Karpathy’s LLM Wiki Setup Guide: Build Your AI-Powered Knowledge Base


📺

Article based on video by

Teacher’s TechWatch original video ↗

Every time you query a RAG system, it starts from zero. No memory of your last conversation, no understanding of how that document connects to the one you read last month. Andrew Karpathy’s LLM Wiki approach flips this entirely—by building persistent AI knowledge, you transform note-taking from repeated scratch queries into a connected understanding that grows with every session. I spent a week testing this setup, and the difference from traditional retrieval is immediate and striking.

📺 Watch the Original Video

What Is an LLM Wiki and Why Traditional RAG Falls Short

Most tutorials treat RAG as the gold standard for AI document querying.
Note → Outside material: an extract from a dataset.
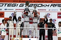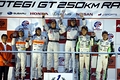 この日のもてぎはコースコンディションはドライながら上空は曇空。それでも各陣営の今シーズンの集大成がぶつかり合う最終戦には、この日だけで3万2千人、前日からの延では4万5千人もの観客が詰めかけ、まさに日本最高峰のレースイベントに相応しい盛り上がりの中でスタートの時を迎える事となった。その決勝レースは14時ちょうどにフォーメーションラップがスタート。2列縦隊に並んだ24台のGT300マシンが最終コーナーに姿を見せると、ホームストレート上ではローリングからのスタートを知らせるグリーンシグナルが点灯。大歓声の中、今シーズン最後の雌雄を決する250kmの戦いが始まった。

I’ve found that framing misses the actual limitation. Let me show you what I mean.

The scratch query problem explained

Traditional RAG searches from scratch on every single query. You upload a document, ask a question, get an answer—and the system immediately forgets the interaction happened. Ask a follow-up five minutes later, and it behaves like you’ve never shared a document before.
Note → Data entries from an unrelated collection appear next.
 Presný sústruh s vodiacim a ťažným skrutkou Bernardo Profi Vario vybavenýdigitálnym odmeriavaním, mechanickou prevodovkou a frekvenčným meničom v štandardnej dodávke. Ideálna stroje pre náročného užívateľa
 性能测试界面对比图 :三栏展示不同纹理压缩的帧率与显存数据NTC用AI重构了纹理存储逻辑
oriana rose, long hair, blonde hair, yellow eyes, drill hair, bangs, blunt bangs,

That’s not a flaw in the implementation. It’s baked into how RAG works. Each query starts with zero context from previous conversations.

Imagine asking a reference librarian for help on your research topic. They answer your question, you leave the building, and return the next day with a follow-up. They have no idea who you are or what you discussed yesterday. “Sorry, you’ll need to explain everything again from the start.”

Sound familiar? That’s exactly what using traditional RAG with your personal documents feels like.

Why persistent memory changes everything

An LLM Wiki flips this entirely. Instead of ephemeral retrieval, you get persistent knowledge storage that accumulates understanding across sessions. The AI doesn’t just answer individual questions—it builds on previous interactions, growing smarter as it learns your information landscape.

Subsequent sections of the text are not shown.